Bridgette Martin also spoke about communication problems after a potential exposure at her child’s school.
“I showed up to get my child, and the office staff don’t even know why I’m there because they feel like they don’t have to let the entire staff know there’s an outbreak at their school,” she said.
‘We have the tools in place’
In the spring of 2020, just days after the first confirmed COVID cases were reported in Louisiana, Gov. John Bel Edwards shut down schools throughout the state. At the time, attention was focused on the virus’ effects on the elderly who were most vulnerable to succumb to its wrath.
But the delta variant is much more contagious than earlier strains. While rates of severe complications are still low among children, much higher numbers of children are becoming infected. And pediatric hospitalizations have surged to levels not seen earlier in the pandemic.
But NOLA Public Schools officials have said that schools are safe for children when they are following safety protocols.
Earlier Thursday, NOLA Public Schools officials held a news conference, seeking to reassure parents in anticipation of the evening meeting.
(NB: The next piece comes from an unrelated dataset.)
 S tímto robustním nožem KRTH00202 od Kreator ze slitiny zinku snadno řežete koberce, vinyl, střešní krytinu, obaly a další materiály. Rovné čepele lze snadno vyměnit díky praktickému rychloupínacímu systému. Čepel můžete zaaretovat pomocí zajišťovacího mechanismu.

District Chief Operations Officer Tiffany Delacour detailed the numerous health and safety protocols for students and staff.
“We have the tools in place. We have the mitigation measures,” she said.
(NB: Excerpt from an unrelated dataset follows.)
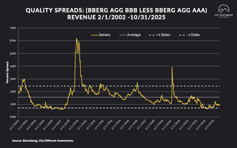 Last week's 10-year quality credit spread between BBB revenue and AAA general obligation bonds was at 0.92% versus a historical average of 1.68%, demonstrating very healthy and tight spread metrics.

At the press conference, NOLA Public Schools Medical Advisor Dr. Benjamin Springgate acknowledged that the numbers, particularly the number of quarantines, may be alarming to parents, but said they actually show that district schools are being appropriately cautious.
“The number last week may seem high but this is good,” because the quarantines mean potentially infected people are not in school. “At this time we do not see uncontrolled or unmitigated transmission in schools and [the Louisiana Department of Health] has not called for any school closures.”
New Orleans schools are pushing to increase rates of vaccination among staff and students.
The district vaccine mandate passed on Thursday will not apply to people employed by the city’s independent charter schools. But a number of charter operators are adopting their own mandates. In a Wednesday press release, the Louisiana Association of Public Charter Schools said that 15 charter operators, representing about half the schools in the city, are implementing vaccine mandates for staff.
But distance learning remains an option for students who are quarantining and those with medical conditions that make them particularly vulnerable, following a consultation with a doctor. (The distance learning eligibility request form is available on the NOLA Public Schools website.)
“If you have a concern, go to your child’s school. Go to our website. The form is there. Go to your child’s physician,” said superintendent, Dr. Henderson Lewis Jr. at the morning press conference.
He also repeatedly emphasized the huge role the schools play themselves in addressing parent concerns and how creative administrators have been when facing challenges from the pandemic day in and day out. “If you come to tonight’s school board meeting and haven’t gone to your child’s school to have your conversation, you’ve missed step one.”
But parent Bee Turland — who said she is disabled and immunocompromised — said she wasn’t made aware of the process for requesting virtual school before the beginning of the school year. She and her husband have four children between the ages of 9 and 17. The oldest has health issues, she said. All except the youngest are fully vaccinated.
After figuring out the process on her own, Turland said she has been working on getting the required documentation to submit the request form. Meanwhile, she has pulled her children out of school
“The schools’ insistence on continuing to operate as if nothing is wrong is tone-deaf at best and dangerous at worst,” Turland said.
Medical exemptions for distance learning aren’t guaranteed. Schools have the power to review and deny the request even after the form is signed by a physician, but parents can appeal those decisions to the district.